# [WHAT IS NEEDED]
Write out the data word for word and omit every picture.

# [DATA SEGMENT]
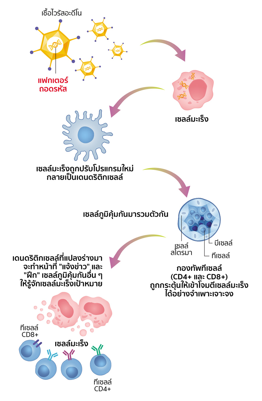 ปัจจุบันมีโครงการวิจัย เช่น การเปลี่ยนเซลล์มะเร็งเป็นเซลล์ภูมิคุ้มกัน โดยใช้อะดีโนไวรัสที่ถูกดัดแปลงพันธุกรรมและใช้เป็นพาหะ (vector) ในการนำส่งยีนเข้าไปในเซลล์มะเร็ง เพื่อเปลี่ยนให้เซลล์มะเร็งกลายเป็นเซลล์ภูมิคุ้มกันที่ชื่อว่า เดนดริติกเซลล์ (dendritic cell) ซึ่งเซลล์ชนิดนี้ทำหน้าที่กระตุ้นระบบภูมิคุ้มกันของร่างกายให้กลับมาสู้กับมะเร็งอย่างมีประสิทธิภาพ เป็นแนวคิด “การเปลี่ยนศัตรูให้เป็นพันธมิตร” ที่สร้างความตื่นตัวให้กับวงการวิทยาศาสตร์ อีกทั้งยังเป็นความหวังในการพัฒนาวิธีการรักษาโรคต่าง ๆ โดยมีโครงการวิจัยทางคลินิกที่มุ่งเป้าไปที่โรคจอประสาทตาเสื่อม, โรคเบาหวานชนิดที่ 1 และการฟื้นฟูหลอดเลือดสำหรับผู้ป่วยโรคหัวใจ
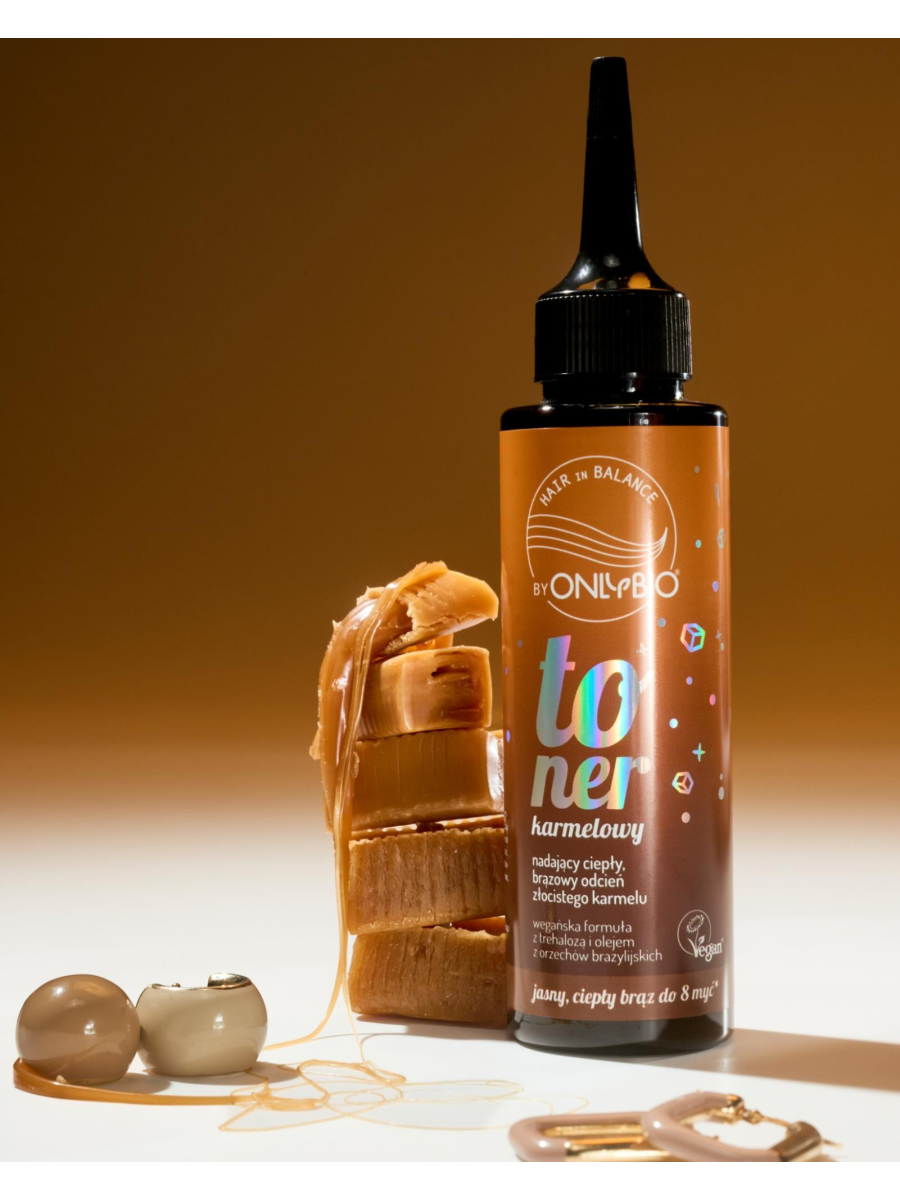 Toner do włosów blond OnlyBio Hair in Balance, który odświeża kolor, nadając ciepły, brązowy odcień.
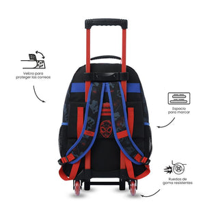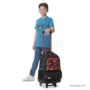 ¡Lleva la fuerza de tu superhéroe favorito a cada clase! La Mochila para niño con ruedas Spiderman Hero grande cuenta con un diseño impactante con estampado de alta densidad, compartimiento espacioso, correas acolchadas, bolsillos portabotellas y forro interior hecho con botellas recicladas RPET. Incluye un llavero en goma de Spiderman que acompaña cada misión. ¡Haz que sus días estén llenos de acción!
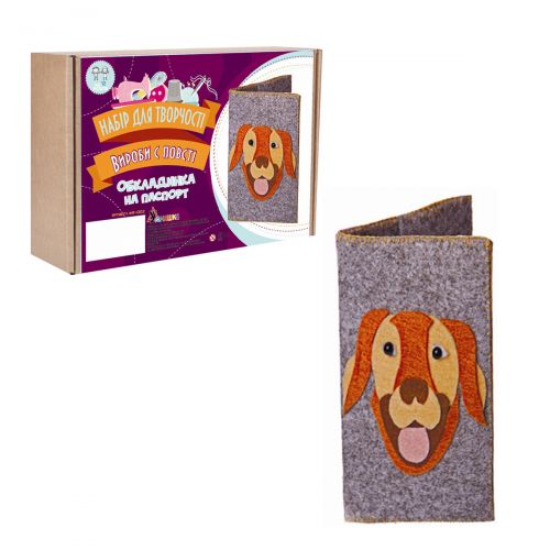 Набір для творчості “Вироби з фетру: обкладинка на паспорт”. За допомогою цього набору можна створити м’яку і оригінальну обкладинку на паспорт із зображенням собачки. У комплекті є всі необхідні для цього матеріали.

# [EXERCISE ANSWER]
 ปัจจุบันมีโครงการวิจัย เช่น การเปลี่ยนเซลล์มะเร็งเป็นเซลล์ภูมิคุ้มกัน โดยใช้อะดีโนไวรัสที่ถูกดัดแปลงพันธุกรรมและใช้เป็นพาหะ (vector) ในการนำส่งยีนเข้าไปในเซลล์มะเร็ง เพื่อเปลี่ยนให้เซลล์มะเร็งกลายเป็นเซลล์ภูมิคุ้มกันที่ชื่อว่า เดนดริติกเซลล์ (dendritic cell) ซึ่งเซลล์ชนิดนี้ทำหน้าที่กระตุ้นระบบภูมิคุ้มกันของร่างกายให้กลับมาสู้กับมะเร็งอย่างมีประสิทธิภาพ เป็นแนวคิด “การเปลี่ยนศัตรูให้เป็นพันธมิตร” ที่สร้างความตื่นตัวให้กับวงการวิทยาศาสตร์ อีกทั้งยังเป็นความหวังในการพัฒนาวิธีการรักษาโรคต่าง ๆ โดยมีโครงการวิจัยทางคลินิกที่มุ่งเป้าไปที่โรคจอประสาทตาเสื่อม, โรคเบาหวานชนิดที่ 1 และการฟื้นฟูหลอดเลือดสำหรับผู้ป่วยโรคหัวใจ
 Toner do włosów blond OnlyBio Hair in Balance, który odświeża kolor, nadając ciepły, brązowy odcień.
 ¡Lleva la fuerza de tu superhéroe favorito a cada clase! La Mochila para niño con ruedas Spiderman Hero grande cuenta con un diseño impactante con estampado de alta densidad, compartimiento espacioso, correas acolchadas, bolsillos portabotellas y forro interior hecho con botellas recicladas RPET. Incluye un llavero en goma de Spiderman que acompaña cada misión. ¡Haz que sus días estén llenos de acción!
 Набір для творчості “Вироби з фетру: обкладинка на паспорт”. За допомогою цього набору можна створити м’яку і оригінальну обкладинку на паспорт із зображенням собачки. У комплекті є всі необхідні для цього матеріали.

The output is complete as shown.